On 07/31/2018 07:04 PM, Andrey Ryabinin wrote:
>> Somewhat offtopic, but I can't understand how SLAB_TYPESAFE_BY_RCU
>> slabs can be useful without ctors or at least memset(0). Objects in
>> such slabs need to be type-stable, but I can't understand how it's
>> possible to establish type stability without a ctor... Are these bugs?
> 
> Yeah, I puzzled by this too. However, I think it's hard but possible to make 
> it work, at least in theory.
> There must be an initializer, which consists of two parts:
> a) initilize objects fields
> b) expose object to the world (add it to list or something like that)
> 
> (a) part must somehow to be ok to race with another cpu which might already 
> use the object.
> (b) part must must use e.g. barriers to make sure that racy users will see 
> previously inilized fields.
> Racy users must have parring barrier of course.
> 
> But it sound fishy, and very easy to fuck up.

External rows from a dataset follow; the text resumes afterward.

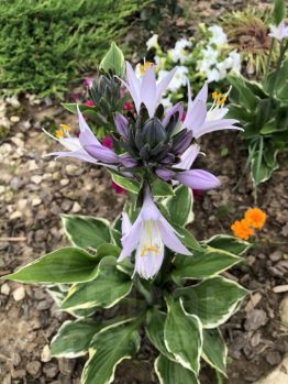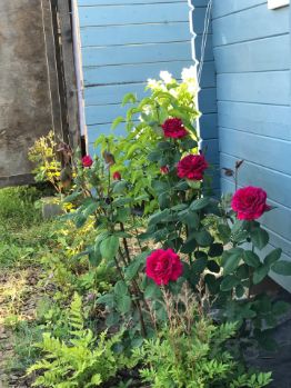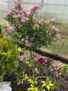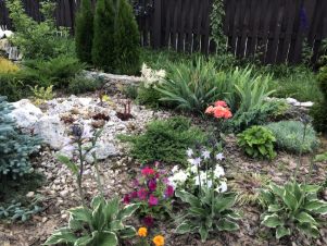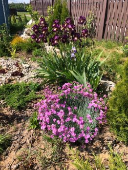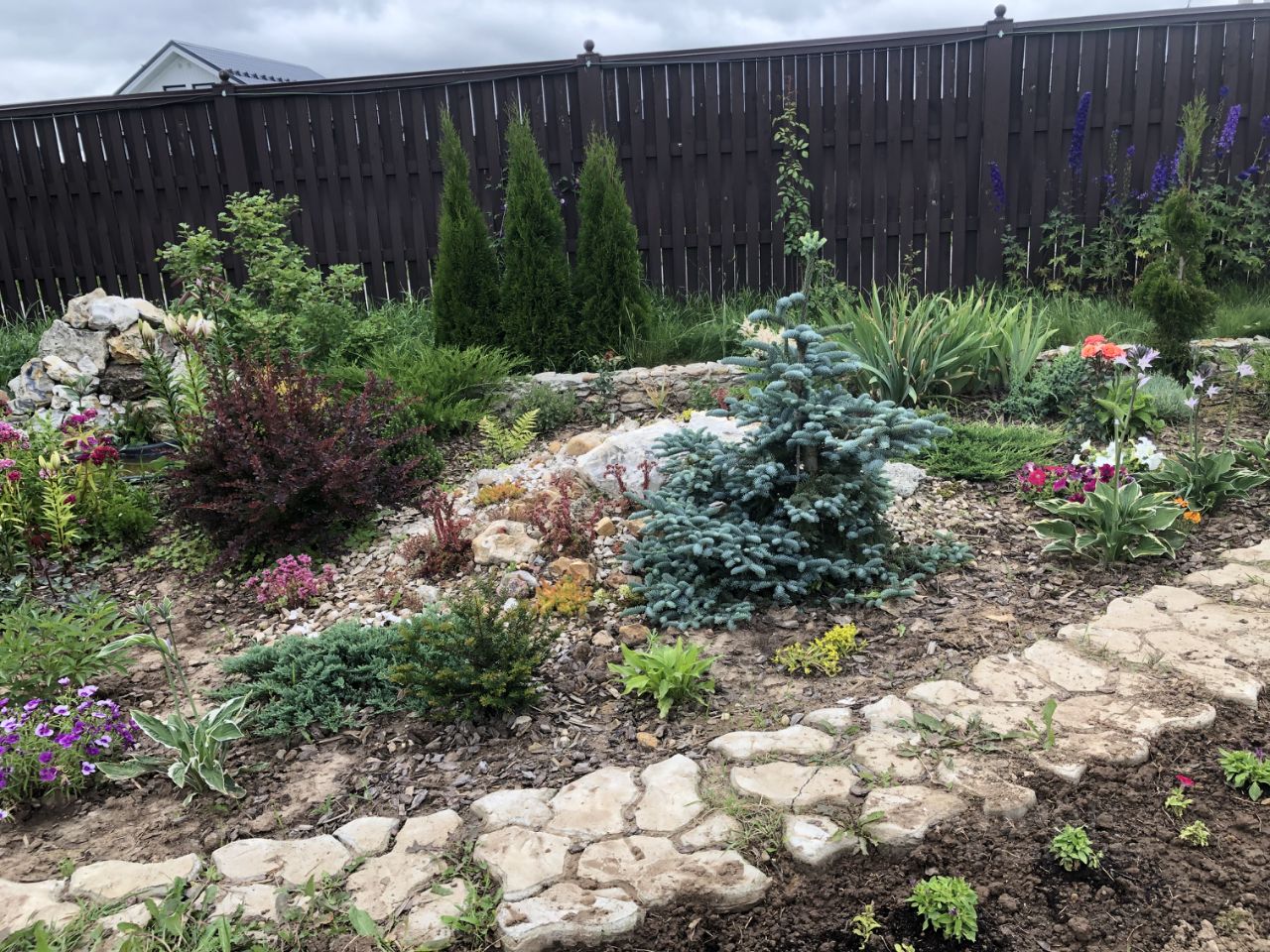 Посажены фруктовые деревья, кусты смородины, много цветов, хвойники.
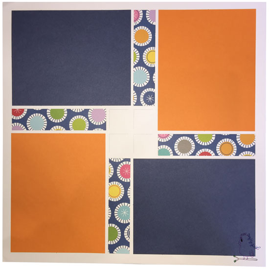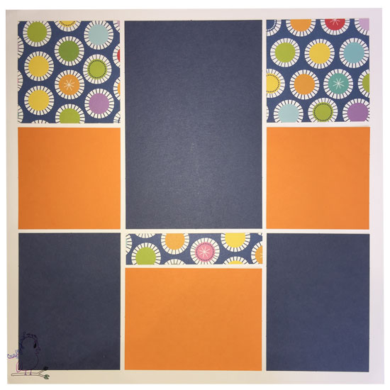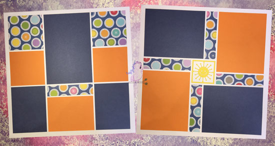 With all my solid color cardstock pieces in their spots on the pages, I then placed pattern pieces in place on both sides of the double page layout.
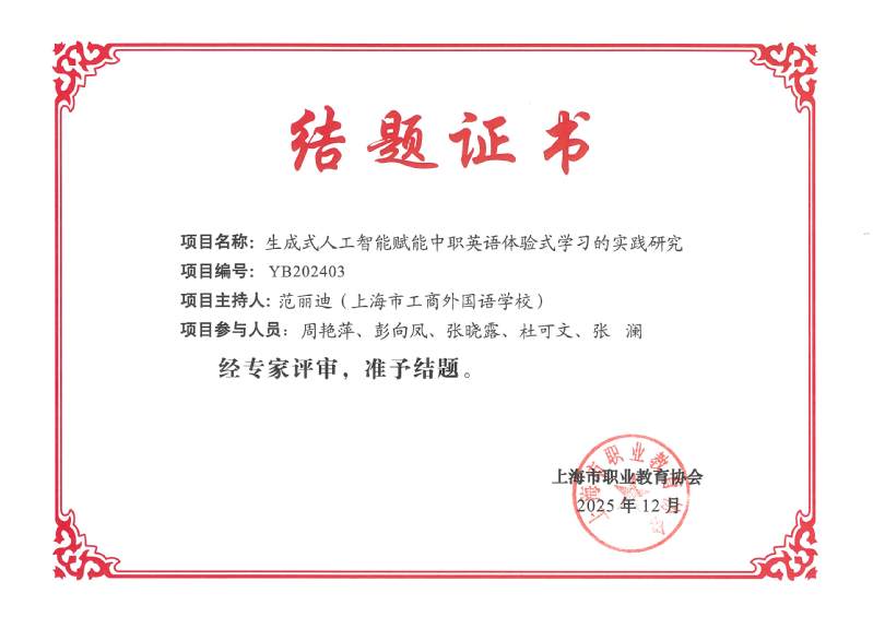 近日,2024-2025年度上海市职业教育协会立项课题结项评审结果揭晓,我校三项课题全部顺利通过结项验收,又一次彰显了我校在职业教育教学改革与科研实践领域的扎实成果。
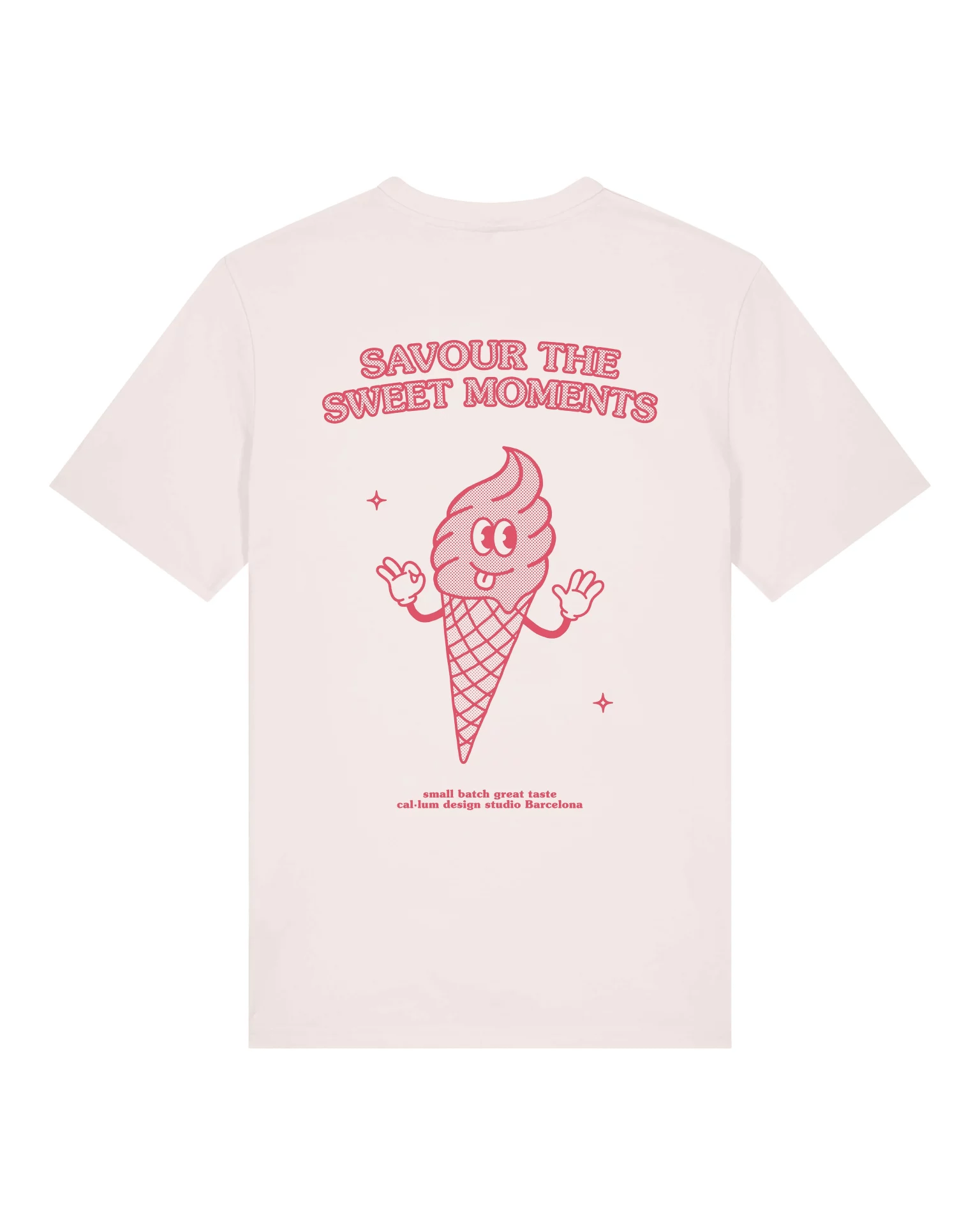 Découvrez le t-shirt Sweet Moments de Cal.Lum, un modèle unisexe qui célèbre l’amour des glaces avec son style impeccable et décontracté. Confectionné dans un tissu blanc vintage, ce t-shirt arbore un imprimé captivant en couleur rose sur le recto et un autre au verso. Cela rend chaque pièce unique et vibrante. Parfait pour les journées baignées de soleil et les nuits éclairées par les étoiles. Ce t-shirt est une véritable invitation à profiter pleinement de chaque moment.
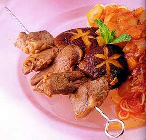 6、将意大利面、串肉、鲜香菇依序盛盘。
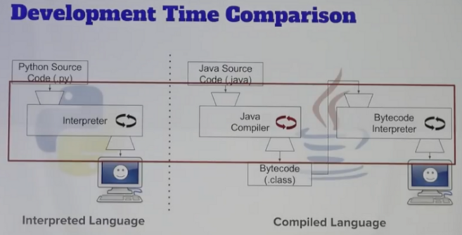 2. 인터프리터 방식 : 소스코드를 빌드시에 암것도 하지 않다가, 런타임시에 한줄 한줄 읽어가며 변환
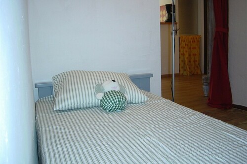 Part of the owner's house, terrace, parking. Ground-floor : living-kitchen, 1 room with double bed, salon with 2 single beds, bathroom.

I won't be surprised if every 
> single one SLAB_TYPESAFE_BY_RCU user
> without ->ctor is bogus. It certainly would be better to convert those to use 
> ->ctor.
> 
> Such caches seems used by networking subsystem in proto_register():
> 
>               prot->slab = kmem_cache_create_usercopy(prot->name,
>                                       prot->obj_size, 0,
>                                       SLAB_HWCACHE_ALIGN | SLAB_ACCOUNT |
>                                       prot->slab_flags,
>                                       prot->useroffset, prot->usersize,
>                                       NULL);
> 
> And certain protocols specify SLAB_TYPESAFE_BY_RCU in ->slab_flags, such as:
> llc_proto, smc_proto, smc_proto6, tcp_prot, tcpv6_prot, dccp_v6_prot, 
> dccp_v4_prot.
> 
> 
> Also nf_conntrack_cachep, kernfs_node_cache, jbd2_journal_head_cache and 
> i915_request cache.
> 


[+CC maintainer of the relevant code.]

Guys, it seems that we have a lot of code using SLAB_TYPESAFE_BY_RCU cache 
without constructor.
I think it's nearly impossible to use that combination without having bugs.
It's either you don't really need the SLAB_TYPESAFE_BY_RCU, or you need to have 
a constructor in kmem_cache.

Could you guys, please, verify your code if it's really need SLAB_TYPSAFE or 
constructor?

E.g. the netlink code look extremely suspicious:

        /*
         * Do not use kmem_cache_zalloc(), as this cache uses
         * SLAB_TYPESAFE_BY_RCU.
         */
        ct = kmem_cache_alloc(nf_conntrack_cachep, gfp);
        if (ct == NULL)
                goto out;

        spin_lock_init(&ct->lock);

If nf_conntrack_cachep objects really used in rcu typesafe manner, than 'ct' 
returned by kmem_cache_alloc might still be
in use by another cpu. So we just reinitialize spin_lock used by someone else?